"واحدٌ منهم" - Translation from Arabic to Turkish

    • onlardan biri
        
    • Bir tanesi
        
    • Onlardan birisin
        
    • onlardan biriyim
        
    • İçlerinden biri
        
    • onlardan birinin içindedir
        
    • de onlardan
        
    • de onlardansın
        
    onlardan biri olduğum için gururum okşandı. Open Subtitles حسناً، أنا أشعر بالإطراء، لأنني واحدٌ منهم
    Lütfen beni de onlardan biri olarak sayma, ama onların nerede olduklarını bulabilirim. Open Subtitles رجاءً, لا تفترضي بأني واحدٌ منهم لكن بإمكاني اكتشافُ مكان وجودهم
    onlardan biri bana fakirlerin ne yaptığını soruyor. Open Subtitles واحدٌ منهم يسألني مالّذي يفعلهُ الأشخاص الفقراء.

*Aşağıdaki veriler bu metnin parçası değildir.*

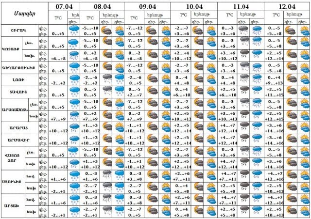 Ապրիլի 7-ի ցերեկը, 11-ին ժամանակ առ ժամանակ սպասվում է անձրև։ Ապրիլի 8-10-ը, 12-ին սպասվում է առանց տեղումների եղանակ։

    Bir tanesi başkanımızın, Bay Edgar Trent'in ellerinde ki kendisi oldukça güvenilirdir. Open Subtitles واحدٌ منهم بين أيدي رئيسنا السيد إدغار تيرنت، والذي يعتبر موثوقا جداً
    Gelecekten geliyorsun. Onlardan birisin. Open Subtitles أنتَ من المستقبل أنتَ واحدٌ منهم
    Tüm o yalnız ve çaresiz bekârları izledim. Ve anladım ki onlardan biriyim. Open Subtitles وشاهدت كل هؤلاء الأشخاص ، اليائسين و الوحيدين .. و العازبين الذين يبحثون عن علاقه و ازعجني هذا ، انا واحدٌ منهم
    Bu örneği bir grup bilgisayar bilimcisine verdim, sonra içlerinden biri yanıma geldi. TED لقد أعطيت هذا المثال لمجموعة من علماء الحاسوب ذات مرة. وبعد ذلك، جاء إلي واحدٌ منهم.

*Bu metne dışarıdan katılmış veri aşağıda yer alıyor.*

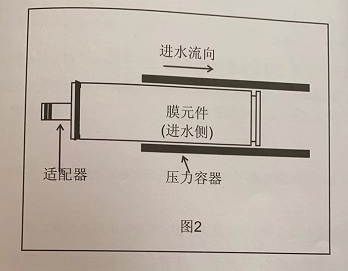 (4)按照膜元件表面箭头所指的方向将其平缓的推入压力容器,至膜元件三分之二进入压力容器后,在膜元件的进水侧产水管上插上适配器,如图2所示。

    Bahse girerim, sana bu gömleği satan adam da onlardan birinin içindedir. Open Subtitles وأراهن أن مَن باع لك هذا القميص واحدٌ منهم.
    Hala bir etkin var, insanlar sana inanıyor, onlardan biri bugün 5.seviye bir ihlal yaptı. Open Subtitles ما يزال لـديك نفوذ ناسٌ يؤمنون بـك و واحدٌ منهم اليوم نشر الإشعاع في الـطابق الـخامس.
    Eğer öyleyse, ilk hasta onlardan biri olabilir. Open Subtitles إذا كان هذا الحاصل، حينها واحدٌ منهم يُمكن أن يكون المريض الحقيقيّ الحامل للفيروس.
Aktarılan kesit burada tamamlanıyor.